Writer Dorothea Catherine “D.C.” Fontana (1939-2019) worked as a writer for a few different television programs prior to Star Trek, before she briefly worked as Gene Roddenberry’s secretary before becoming a writer on the show. At the age of 27, Fontana became the youngest story editor in Hollywood at the time, and she was also one of the few female staff writers. She remained a Star Trek writer until the end of the second season. Fontana had the notable distinction of being one of the few people to have worked on Star Trek: The Original Series, as well as Star Trek: The Animated Series, Star Trek: The Next Generation, and Star Trek: Deep Space Nine. Of them all, Deep Space Nine was her favorite Star Trek series. She wanted to write a story about a strong woman who did not necessarily want children. The only major change to the story was the addition of the Klingons. In an original draft, the story was much darker as Eleen apparently sacrificed her child.

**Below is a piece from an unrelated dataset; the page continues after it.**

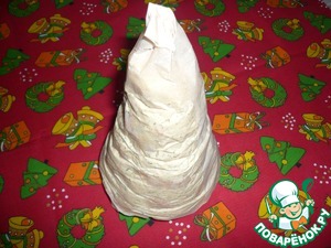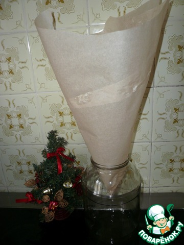 Делаем из бумаги конус и вставляем его в горлышко 3-х литровой банки для удобства формирования елки.
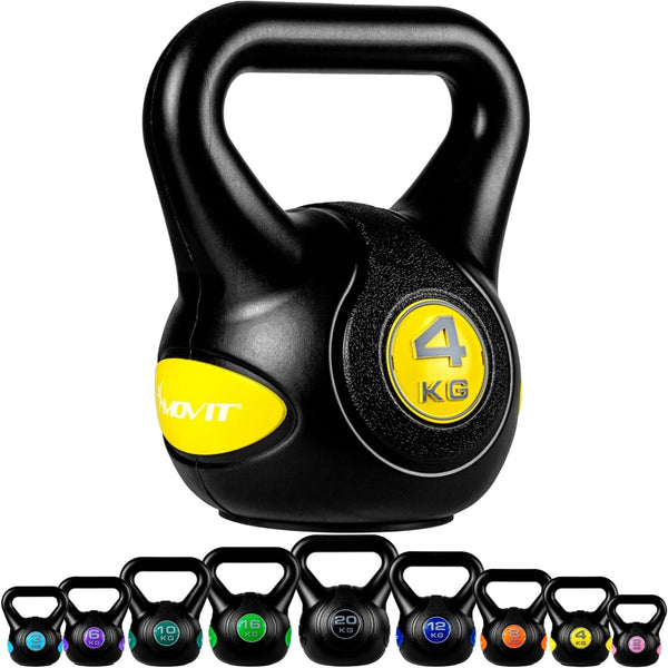 Kettlebell-ul MOVIT® de 2kg, este prevazut cu un invelis din plastic prietenos cu podeaua si un design solid si profesional cu umplutura compactata.

Director Joseph Pevney (1911-2008) is tied with Marc Daniels for most TOS episodes directed.
Star Trek Trivia:
- The title of this episode is a nod to a traditional English poem entitled “Monday’s Child” a version of which was featured in an 1887 Harper’s Weekly issue which included the line “Friday’s child is full of woe.”
- Dr. McCoy gives another one of his amusing and classic lines in this episode: “Look, I’m a doctor not an escalator!”
- Julie Newmar played “Catwoman” in the 1960s Batman television show.
- Production of this episode returned once again to the frequent filming location at Vasquez Rocks where it was 110 degrees.
- This is the first episode in which Chekov coyly remarks that something was actually invented in Russia, in this case the phrase “Fool me once, shame on you. Fool me twice, shame on me.“
- According to Star Trek lore, Leonard James Akaar later becomes an influential Starfleet admiral in Deep Space Nine novels.
- Gene L. Coon first introduced the Klingons in “Errand of Mercy” and they were made to look like space Mongols.